Efficient Estimation of the Impact of Observing Systems using Ensemble Forecast Sensitivity to Observations (EFSO)
Tse-Chun Chen
UMDCP
Noon, 18 July in 2155
Abstract:
Massive amounts of observations are being assimilated into operational
NWP. New observing systems with high temporal, spatial, and spectral
sampling rates are being developed and deployed fairly regularly. The
need to evaluate the usefulness of these observations can not be
satisfied by the prevailing OSEs, which are computationally expensive
and have limited applicability. We demonstrate that Ensemble Forecast
Sensitivity to Observations (EFSO), which quantifies the impact of each
observation on the forecasts at low cost, could be implemented as an
online monitoring tool of the impact of each observation. Thus EFSO can
efficiently identify detrimental impact episodes and the associated
observations. To avoid such detrimental episodes, Hotta et al. (2017)

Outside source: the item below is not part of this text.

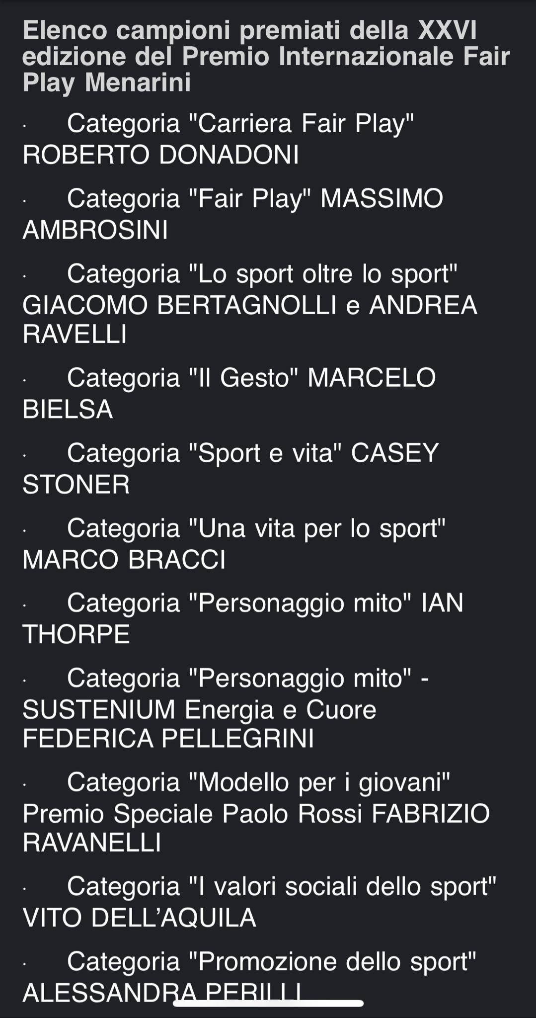 Serata di grande sport a Palazzo Vecchio, dove si è tenuta la 26esima edizione del Premio Fair Play Menarini. Tanti i premiati, dal riconoscimento alla carriera per l'allenatore Roberto Donadoni fino a Massimo Ambrosini per la categoria "fair play" passando anche per Marcelo Bielsa (nella categoria "Il Gesto") ma anche a protagonisti di altri sport come il motociclista Casey Stoner o i nuotatori Federica Pellegrini e Ian Thorpe. Presenti tante personalità del settore, come per esempio il giornalista Ivan Zazzaroni o Silvia Salis, ex lanciatrice del martello oggi al CONI.

have shown EFSO-based Proactive Quality Control (PQC) can reduce
forecast error in cases of "skill dropout". We further devised two
other data denial strategies: THReshold (THR), which rejects
observation if the Moist Total Energy error impact is more detrimental
than 10-5 J-kg-1, and Beneficial Growing Mode (BGM) that only keeps
observations that are beneficial in 6-hr forecasts and continue to be
beneficial after 24 hours. We show in the presentation that both THR
and BGM outperform the original PQC method, and BGM (useful for
reanalyses) performs even better than THR.